To better characterize the development of the humoral response within single animals, sera from animals A1, A5, A8 and A9, which exhibited a strong reactivity against M. agalactiae, were used. Sera collected at regular intervals throughout the experiment were analyzed by Western blotting using the Triton-X114 soluble proteins of strain PG2 that contain most hydrophobic, membrane proteins (Fig. 3). Immunoprofiles revealed differences among animals in terms of (i) the kinetic of the IgG response, with animals A1, A8 and A9 having a strong IgG response from day 11 while that in A5 appeared to be delayed and (ii) specificity, with the 4 animals displaying different immunoprofiles. A strong reactivity was mainly obtained with proteins migrating between 35 and 55 kDa (Fig. 3). More specifically, antibodies reacted strongly with two protein bands showing molecular weight values similar to Vpmas V (44 kDa) and Y (39 kDa), two phase variable lipoproteins of M. agalactiae (data not shown).
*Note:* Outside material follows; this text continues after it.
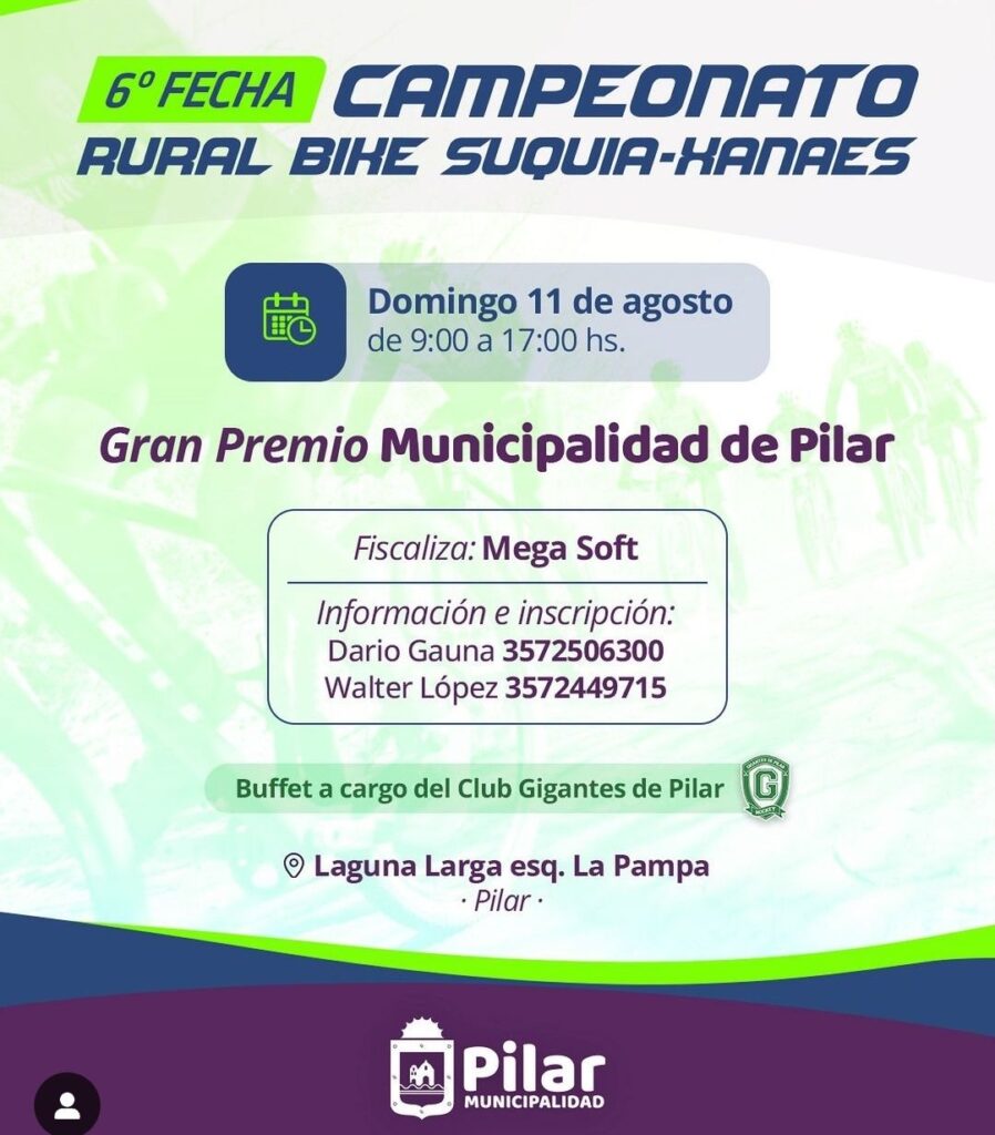 El próximo domingo Pilar será sede de la 6 fecha del Campeonato Suquía-Xanaes de Rural Bike, Gran Premio Municipalidad de Pilar.

Differences in the development of the humoral response to M. agalactiae prompted us to compare the antigenic profile of M. agalactiae isolated from milk samples. For this purpose, the Triton-X114 soluble proteins from seven mycoplasma-positive cultures, corresponding to animals positive at day 28 (A4, A5 and A8) or to animals that were positive once (A1, A2, A6 and A9), were analyzed by SDS-PAGE and Western blotting. As shown in Figure 4, their profile revealed major differences in protein expression. More specifically, these were associated to highly abundant proteins with molecular weight values that ranged between 35 and 55 kDa and that were predominantly recognized by the PAL97 hyperimmune serum (Fig. 4). These data suggested that M. agalactiae isolated from milk samples were expressing different Vpma lipoprotein profile and this was confirmed by using Vpma-specific polyclonal antibodies (Fig. 4).
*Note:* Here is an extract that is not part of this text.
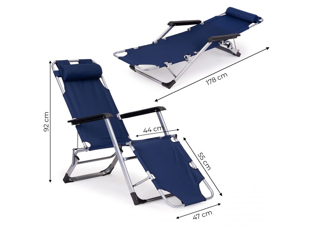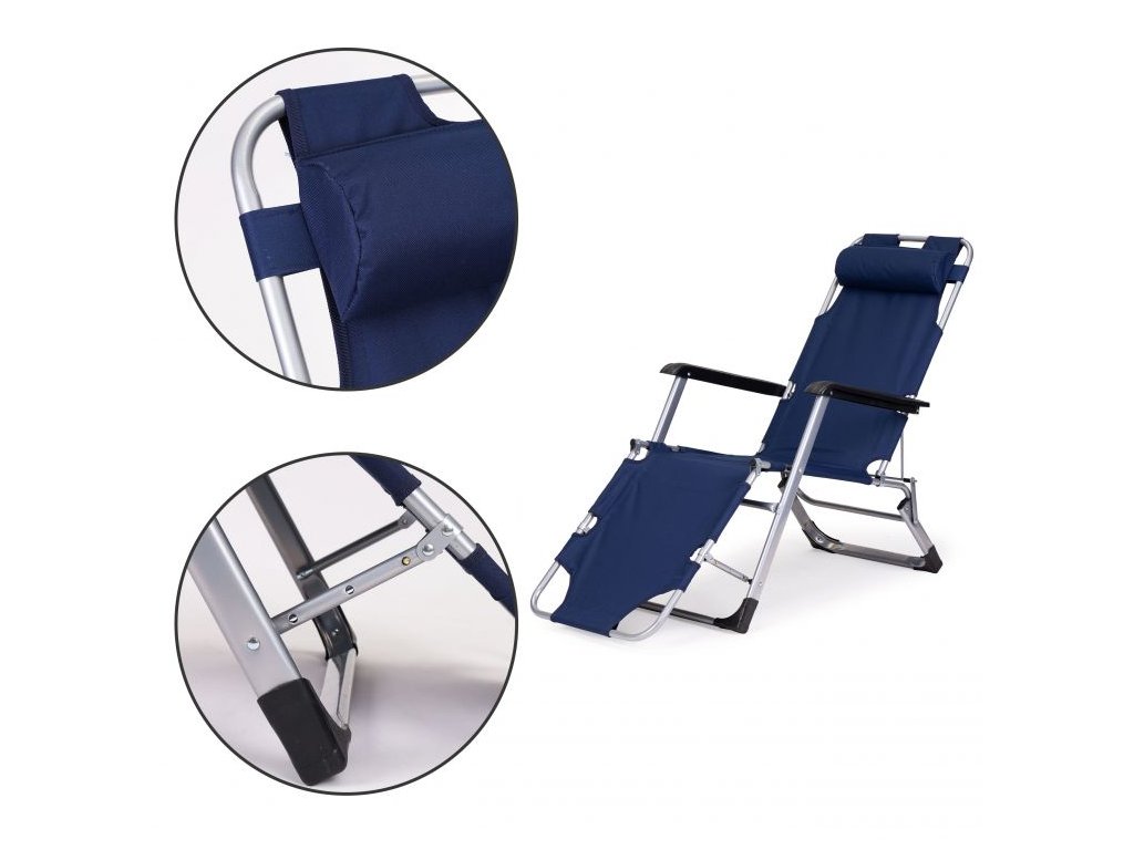 Lehátko sa dá veľmi ľahko uskladniť vďaka tomu že sa dá zložiť. Lehátko má všestranné využitie a je perfektné na záhradu, terasu, ale aj na pláž. Lehátko obsahuje hlavovú opierku pre väčšie pohodlie.

While the PG2 inoculum expressed predominantly Vpma Y (Fig. 1), the Vpma profile exhibited by the seven isolates was highly heterogeneous, with some samples expressing predominantly Vpma W (A5), Vpma U (A2), Vpma V and Z (A4), or a complex mixture of several Vpmas reflecting the presence of several populations in the sample. A lipoprotein P80 antiserum was used as control and confirmed the constant expression of this lipoprotein in all the seven isolates. In contrast to M. agalactiae milk isolates, the Vpma expression profile exhibited by PG2 and NifS cultures used for animal inoculations were homogeneous (compare Vpma profiles in Fig. 1 and Fig. 4), apart from the inherent background in alternate Vpma populations and despite differences in their number of passages under laboratory conditions.
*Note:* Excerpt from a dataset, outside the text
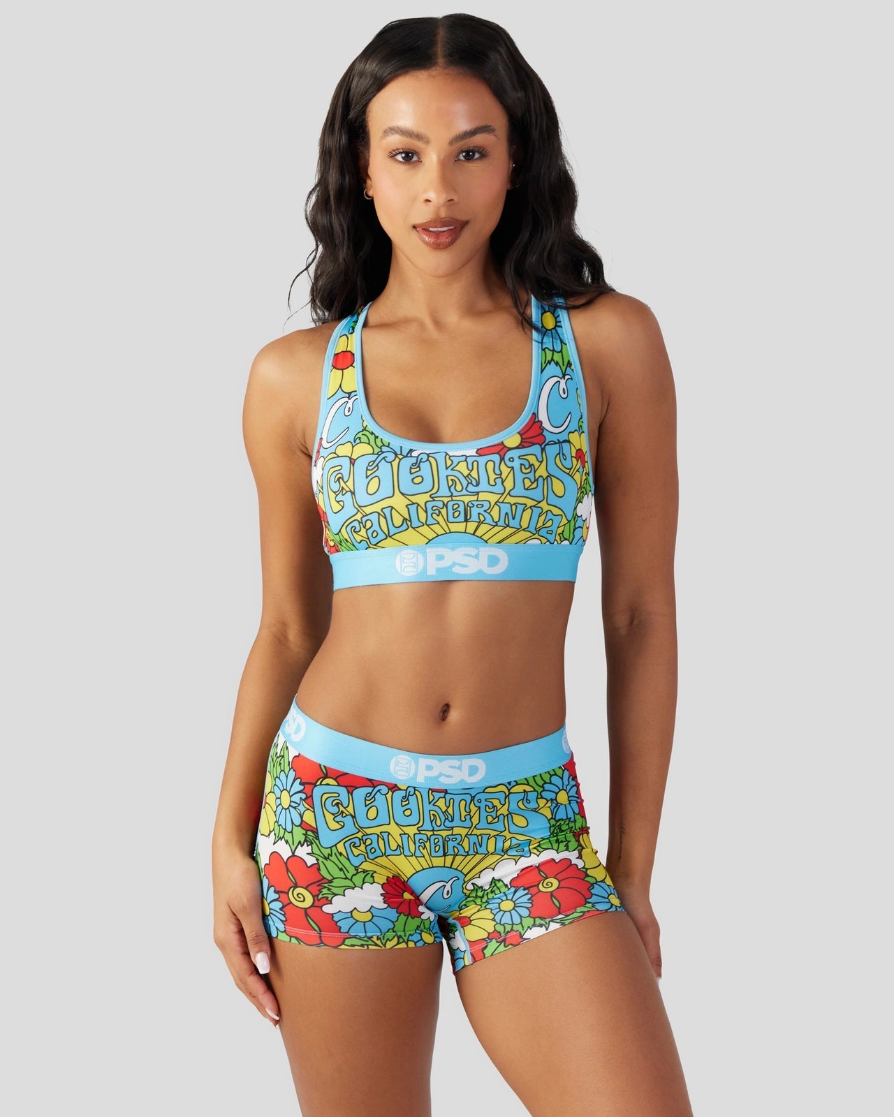 New from Cookies x PSD! With a colorful retro print, the Cali Cookies Sports Bra is made from a silky poly blend with a comfortable full coverage, keep-you-in fit. The PSD boy shorts are perfect for everyday wear and working out.

The long term excretion of mycoplasmas in the left half-udder of animals A5 and A8 allowed us to analyze changes in M. agalactiae Vpma profile over a period of 18 to 22 days. SDS-PAGE analysis of Triton-X114 soluble proteins from mycoplasma cultures indicated continuous changes in protein expression, and Vpma-specific polyclonal antibodies revealed a highly dynamic Vpma profile with stochastic changes in Vpma expression (Fig. 5).
To further investigate changes in the expression of M. agalactiae surface proteins upon replication in vivo, Triton-X114 soluble proteins of mycoplasmas recovered from lymph nodes were analyzed (Fig. 2B). As observed with milk isolates, important differences in protein expression profile were also found with mycoplasmas isolated from the axillar, prescapular and supramammary lymph nodes, suggesting that mycoplasma diversification is not restricted to the mammary gland, but can occur at different stage of the infection.
At day 28, mycoplasmas that circulated in animals A4 and A5 differed in their protein expression depending on whether they were isolated from the milk, or from the left- or right-supramammary lymph nodes (Fig. 2C), suggesting that diversification occurred independently in each environment.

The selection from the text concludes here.